Alfred Hitchcock

Alfred Hitchcock

As part of the BFI’s blockbuster summer project The Genius of Hitchcock, it is announced today that Hitchcock’s early silent film The Ring (1927) will be premiered in its newly restored glory and brought to life with a live performance of a brand new score by Soweto Kinch.

Award winning saxophonist, MC and rising star Kinch has been commissioned by the BFI to write the new score for this heavy-hitting boxing drama that helped inspire The Artist - according to its director Michel Hazanavicius.

The film will be presented in its newly restored splendour at The Hackney Empire, a venue frequented by Hitchcock, on 13th July as part of the BFI’s official involvement in the LOGOC London Festival 2012 celebrations.

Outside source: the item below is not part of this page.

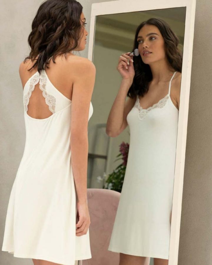 Nuisette, bretelles fines ajustables avec large croisé au dos, longueur mi-cuisse.

Soweto joins a growing roster of British musical talent writing scores for the new silent Hitchcock restorations including Nitin Sawhney (The Lodger at The Barbican, July 21st) and Daniel Patrick Cohen (The Pleasure Garden at Wilton’s Music Hall, June 28th & 29th).

Universally acknowledged as one of the world’s greatest film-makers Alfred Hitchcock received critical and box office acclaim early in his career. The Ring, one of Hitchcock’s earliest films, is a brilliantly paced melodrama set in the world of boxing.

The director himself claimed that, after The Lodger, this is the next 'Hitchcock' picture. The story is a love triangle between a fairground boxer whose lover falls for the charms of a professional fighter and is told with a bold visual style.

This is Hitchcock's one and only original screenplay but its neatness and economy confirmed him as Britain’s leading filmmaker of his generation.